I was at a business intelligence (BI) presentation recently, and a professor from Berkeley characterized the current data explosion using the phrase “Industrial Revolution of data.” This resonated nicely as it highlighted a key contributing factor to the increase in data volumes we are challenged with, i.e., data produced by automated systems such as self-service teller machines, the Internet, cell phones, etc. Given the continued growth in all of these systems, the rate at which data is expected to grow is continuing to increase. Enterprises, like it or not, have to brace themselves for this data onslaught.

Most of the traditional databases such as Oracle, DB2 and Microsoft have managed to deliver business intelligence (BI) value with data volumes up to 4 or 5TB, and this is possible only with expensive high-end iron. Successful data management beyond 5TB has been almost impossible for an average enterprise IT shop to even imagine running on these traditional database platforms.

The continued success of Teradata and the very successful initial public offering (IPO) of Netezza just a couple years ago is a clear indication of the value of innovation in this space. Teradata’s success has primarily been with its target of the Fortune 500 customers who have deep pockets to invest in its proprietary hardware/software/services solution. Netezza, on the other hand, attempted to expand the set of customers that could leverage such BI technologies by significantly reducing the entry-level pricing/affordability of its solution. But it still requires a proprietary hardware/software solution. Both these players pushed the limits of the “shared nothing” massively parallel processing (MPP) architectures to scale to many tens of terabytes. This approach beat the shared architectures of the traditional database players hands down. However, both these solutions are still relatively more expensive, and the proprietary nature of their hardware platform has not been well received by many enterprises.

Google has proven that it is possible to leverage commodity hardware in an extremely effective manner and still deal with data volumes that are orders of magnitude greater than that of the largest enterprise datasets. The big upside of working with commodity hardware is that you can benefit from the billions of dollars that the hardware companies are pumping into their products, constantly lowering the price and improving performance. An architecture that leverages commodity hardware can gain the benefits of this ever-evolving platform.

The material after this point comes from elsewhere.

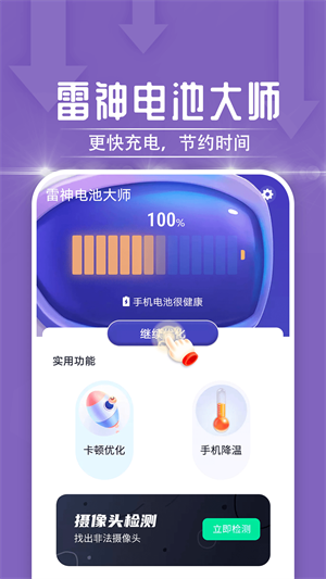 一鳴雷神電池大師是手機(jī)上的電池助手,擁有多樣的優(yōu)質(zhì)服務(wù)讓大家使用,簡(jiǎn)單操作輕松進(jìn)行電池優(yōu)化,聲波除塵、攝像頭檢測(cè)、紀(jì)念日記錄等服務(wù)均可在線使用,為大家?guī)?lái)優(yōu)質(zhì)的服務(wù),隨時(shí)隨地在線輕松記錄,體驗(yàn)到優(yōu)質(zhì)的服務(wù)。

This commodity hardware-based architecture has became the foundation for several BI appliance start-ups, attempting to bring to the enterprise “structured” data environments what Google has done for the unstructured world. Players like Greenplum, Dataupia, Kognitio and Aster Data have all pioneered this approach with some variations. These new players have also based their solution on the shared-nothing MPP architectures. As expected of start-ups, these players have been extremely aggressive in highlighting and proving their key value proposition, i.e. price/performance ratio.

I’ve been involved in two BI appliance bake-offs over the last year; and in both cases, these new players have had a very significant upper hand for the price/performance value. Also, their ability to scale out linearly, leveraging commodity hardware has been a huge value proposition for enterprises.

Most of these players do offer the choice of either a “software-only” solution on recommended hardware platforms (restricted more from a support perspective) or a packaged solution which includes hardware and software, providing additional flexibility for IT organizations to choose the type of hardware they would like to get.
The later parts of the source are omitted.